------ Entries supplied ------

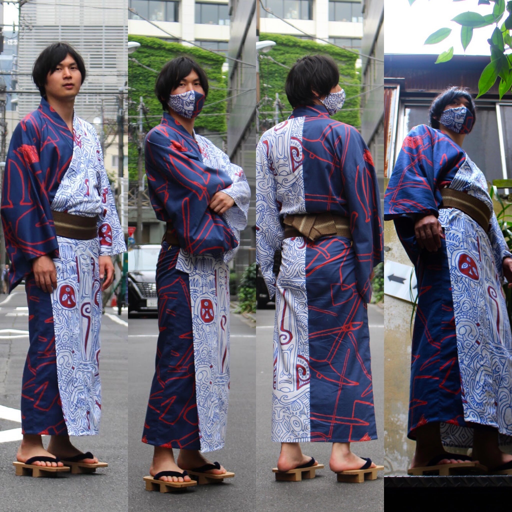 ご注文頂いてからオリジナルの柄を作成します。写真は過去にデザインさせて頂いた柄の一部です。こちらは写真と同じように、2つの柄のデザインで左右対称の浴衣になります。
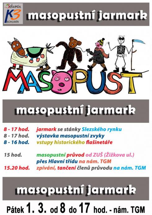 MASOPUSTNÍ JARMARK: Masopustní jarmark se stánky Slezského rynku, hudba, výstava masopustních zvyků a masopustní masky.
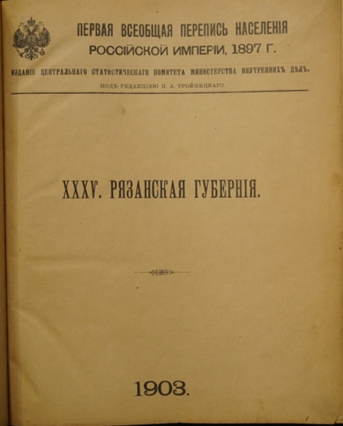 Первая Всеобщая перепись населения Российской Империи, 1897 г. Том XXXV. Рязанская губерния.
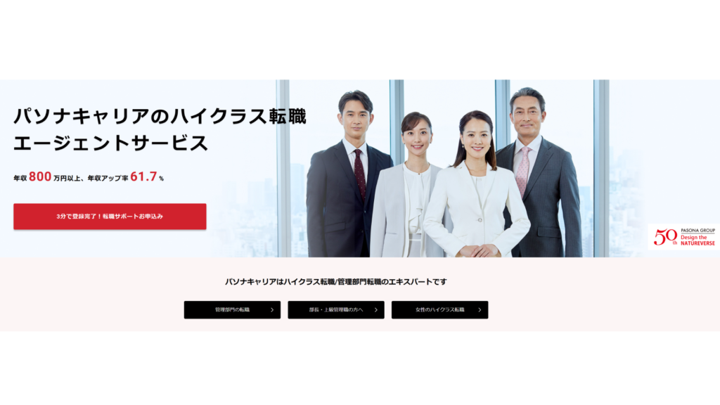 | 公式サイト | https://www.r-agent.com | https://doda.jp | https://mynavi-agent.jp | https://type.woman-agent.jp | https://www.pasonacareer.jp | https://www.bizreach.jp | https://smartcareer.b-stylejob.jp/ |
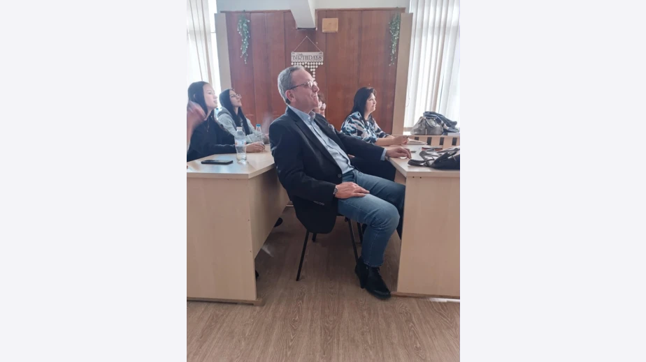 Учителката по БЕЛ София Стойнева в ГПЧЕ "Симеон Радев " е изненадала своите ученици, като е поканила в часа по Публично общуване професор Петър Стоянович.
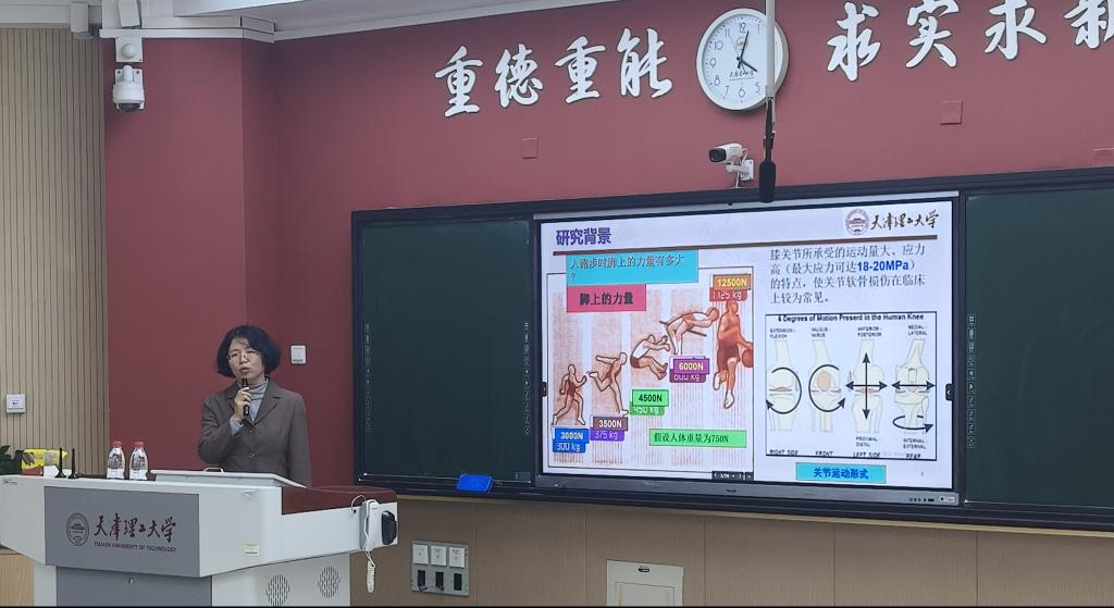学校机械工程学院高丽兰教授作题为《关节软骨缺损修复的力学行为研究》的学术报告。基于力学载荷下关节软骨缺损会影响软骨的力学功能,加速软骨的损伤的研究背景,她针对软骨不同缺损程度建议采用的干预修复方法,阐述了体外组织工程成熟培养后修复关节软骨缺损的必要性。
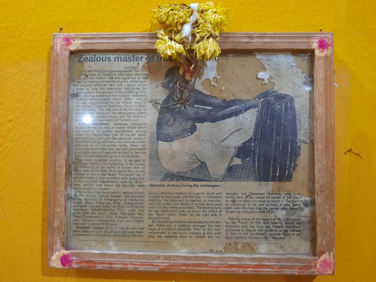 The Mundakanni Amman temple is an important landmark for anyone venturing into the melodic lane of mridangam makers in Mylapore, Chennai. At the end of the lane is Jesudas (67) and Edwin Anthony’s (33) mridangam workshop. On entering, one can discern the musky scent of jackfruit wood and leather that saturate the air. The amber walls are adorned with pictures and figurines of Hindu deities and a photo of Christ. Indeed the most visually striking characteristic of the workshop is its medley of Hinduism and Christianity.
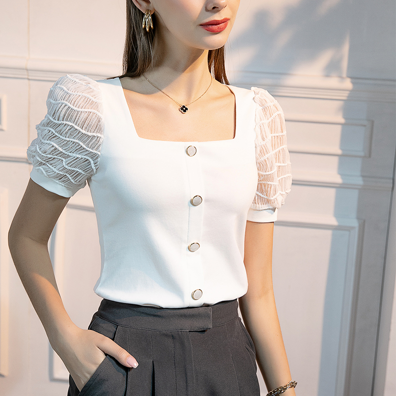 纽扣洋气春款 镂空拼接T恤女短袖 欧洲站上衣 方领泡泡袖 2025夏季
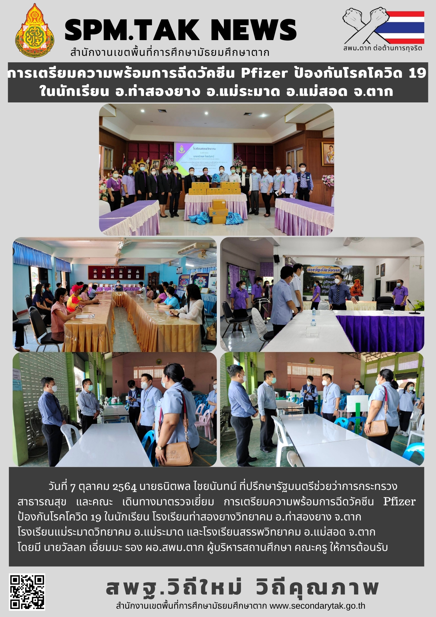 สาธารณสุข และคณะ เดินทางมาตรวจเยี่ยม การเตรียมความพร้อมการฉีดวัคซีน Pfizer ป้องกันโรคโควิด 19 ในนักเรียน โรงเรียนท่าสองยางวิทยาคม อ.ท่าสองยาง จ.ตาก โรงเรียนแม่ระมาดวิทยาคม อ.แม่ระมาด และโรงเรียนสรรพวิทยาคม อ.แม่สอด จ.ตาก โดยมี นายวัลลภ เอี่ยมมะ รอง ผอ.สพม.ตาก ผู้บริหารสถานศึกษา คณะครู ให้การต้อนรับ
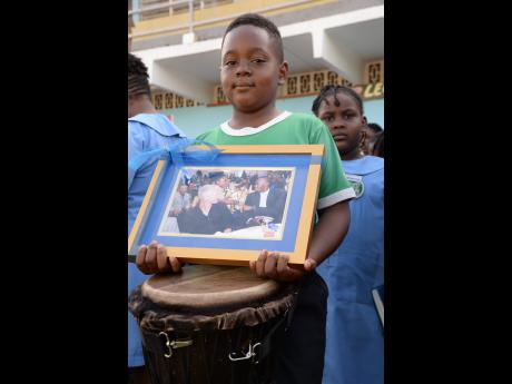 Principal of the Ardenne Preparatory and Extension School, the Reverend Myrtle Clarke, and the conceptualiser and director of Lightning Drummers, Karen Davis, were delighted and welcomed the special presentation of the Usain Bolt autographed photo to Justin Reid.
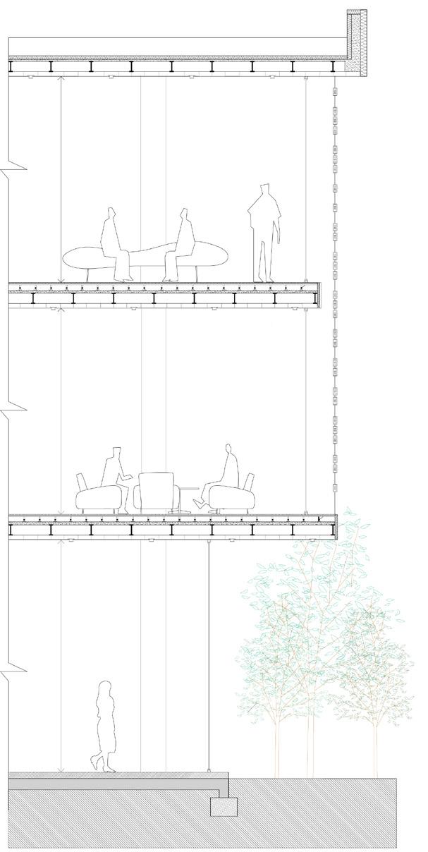 Creates a semi-open space that offers views outwards and privacy to a certain extent. Light can be absorbed through the void and some noise can be isolated.
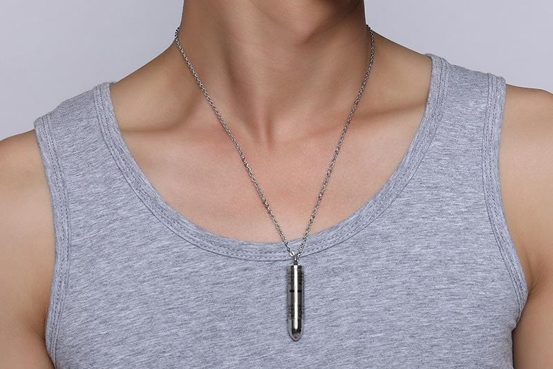 Stainless Steel Mens Bullet Bible Verse Necklace
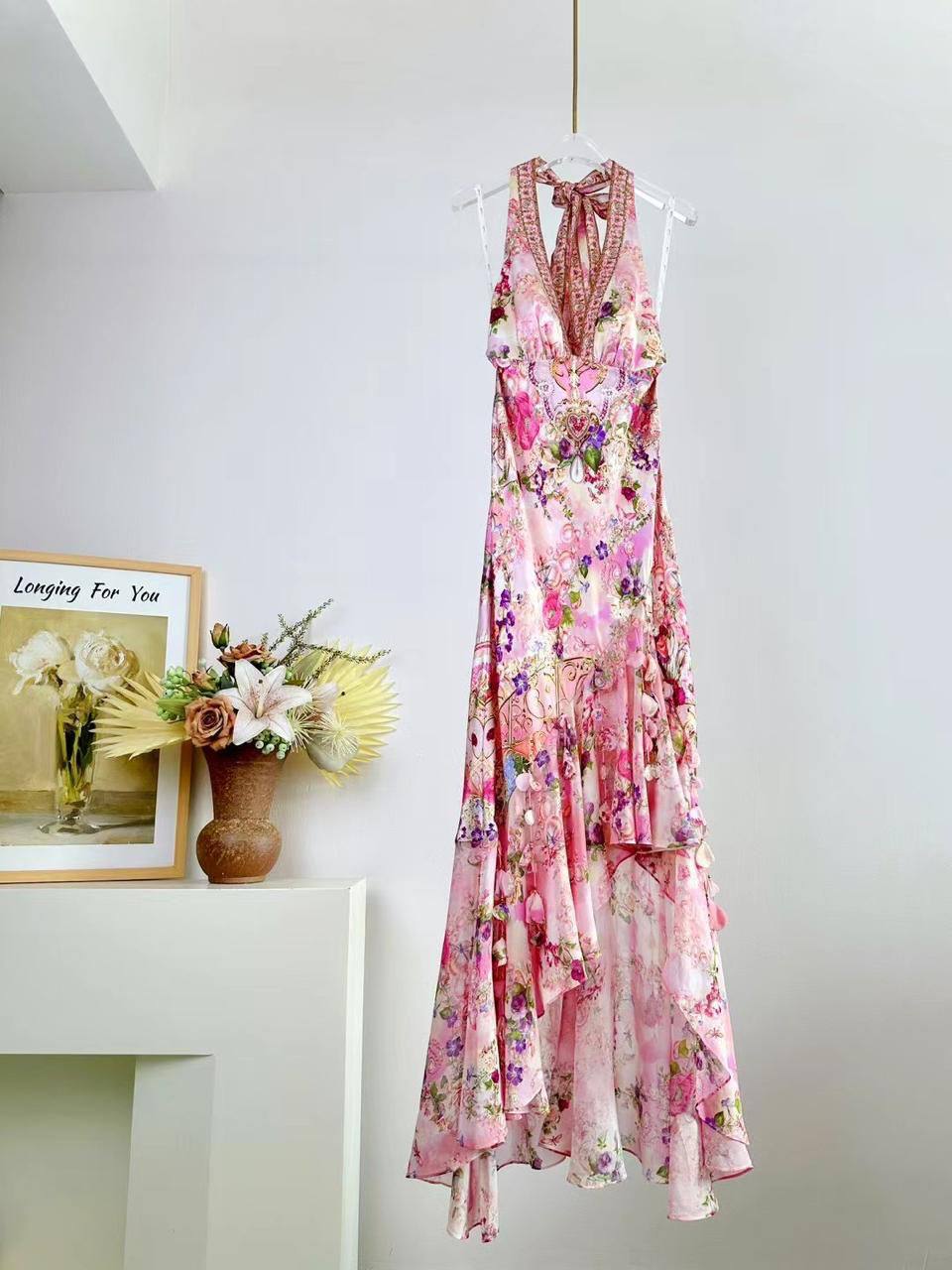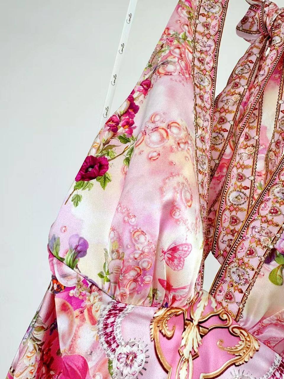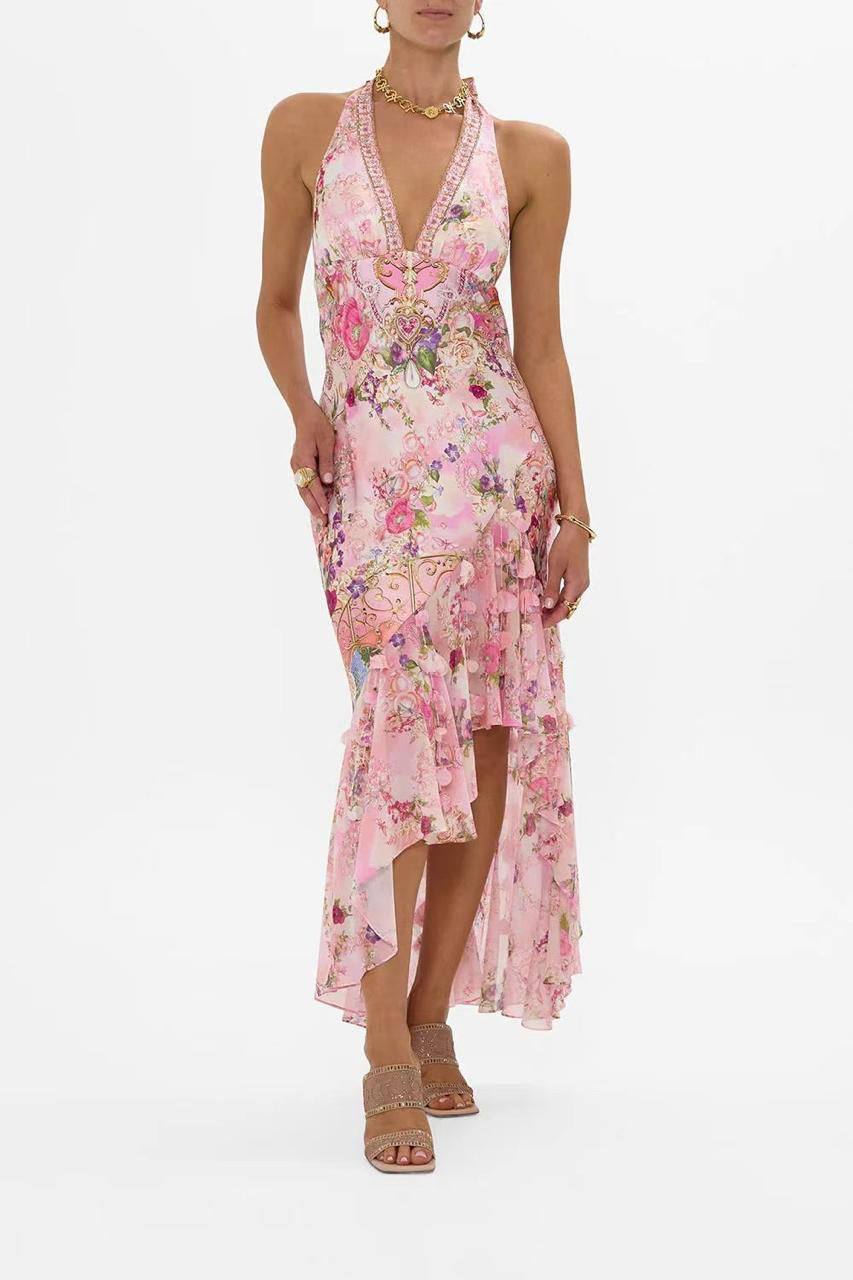 Платье Camilla (артикул LUX-115958) представляет собой элегантное платье в романтическом стиле. Платье выполнено в нежных розовых оттенках с цветочным принтом. Характерной чертой является асимметричный подол и интересный крой лифа.
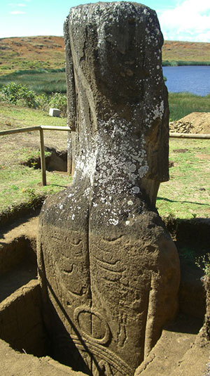 Die von Van Tilburgs Team ausgegrabenen Moai wurden aufrecht entdeckt, einer auf einem Sockel und der andere in einem tiefen Loch, was darauf hinweist, dass sie dort bleiben sollten.

------

Could you return the listing above exactly, minus its pictures?

 ご注文頂いてからオリジナルの柄を作成します。写真は過去にデザインさせて頂いた柄の一部です。こちらは写真と同じように、2つの柄のデザインで左右対称の浴衣になります。
 MASOPUSTNÍ JARMARK: Masopustní jarmark se stánky Slezského rynku, hudba, výstava masopustních zvyků a masopustní masky.
 Первая Всеобщая перепись населения Российской Империи, 1897 г. Том XXXV. Рязанская губерния.
 | 公式サイト | https://www.r-agent.com | https://doda.jp | https://mynavi-agent.jp | https://type.woman-agent.jp | https://www.pasonacareer.jp | https://www.bizreach.jp | https://smartcareer.b-stylejob.jp/ |
 Учителката по БЕЛ София Стойнева в ГПЧЕ "Симеон Радев " е изненадала своите ученици, като е поканила в часа по Публично общуване професор Петър Стоянович.
学校机械工程学院高丽兰教授作题为《关节软骨缺损修复的力学行为研究》的学术报告。基于力学载荷下关节软骨缺损会影响软骨的力学功能,加速软骨的损伤的研究背景,她针对软骨不同缺损程度建议采用的干预修复方法,阐述了体外组织工程成熟培养后修复关节软骨缺损的必要性。
 The Mundakanni Amman temple is an important landmark for anyone venturing into the melodic lane of mridangam makers in Mylapore, Chennai. At the end of the lane is Jesudas (67) and Edwin Anthony’s (33) mridangam workshop. On entering, one can discern the musky scent of jackfruit wood and leather that saturate the air. The amber walls are adorned with pictures and figurines of Hindu deities and a photo of Christ. Indeed the most visually striking characteristic of the workshop is its medley of Hinduism and Christianity.
 纽扣洋气春款 镂空拼接T恤女短袖 欧洲站上衣 方领泡泡袖 2025夏季
 สาธารณสุข และคณะ เดินทางมาตรวจเยี่ยม การเตรียมความพร้อมการฉีดวัคซีน Pfizer ป้องกันโรคโควิด 19 ในนักเรียน โรงเรียนท่าสองยางวิทยาคม อ.ท่าสองยาง จ.ตาก โรงเรียนแม่ระมาดวิทยาคม อ.แม่ระมาด และโรงเรียนสรรพวิทยาคม อ.แม่สอด จ.ตาก โดยมี นายวัลลภ เอี่ยมมะ รอง ผอ.สพม.ตาก ผู้บริหารสถานศึกษา คณะครู ให้การต้อนรับ
 Principal of the Ardenne Preparatory and Extension School, the Reverend Myrtle Clarke, and the conceptualiser and director of Lightning Drummers, Karen Davis, were delighted and welcomed the special presentation of the Usain Bolt autographed photo to Justin Reid.
 Creates a semi-open space that offers views outwards and privacy to a certain extent. Light can be absorbed through the void and some noise can be isolated.
 Stainless Steel Mens Bullet Bible Verse Necklace
 Платье Camilla (артикул LUX-115958) представляет собой элегантное платье в романтическом стиле. Платье выполнено в нежных розовых оттенках с цветочным принтом. Характерной чертой является асимметричный подол и интересный крой лифа.
 Die von Van Tilburgs Team ausgegrabenen Moai wurden aufrecht entdeckt, einer auf einem Sockel und der andere in einem tiefen Loch, was darauf hinweist, dass sie dort bleiben sollten.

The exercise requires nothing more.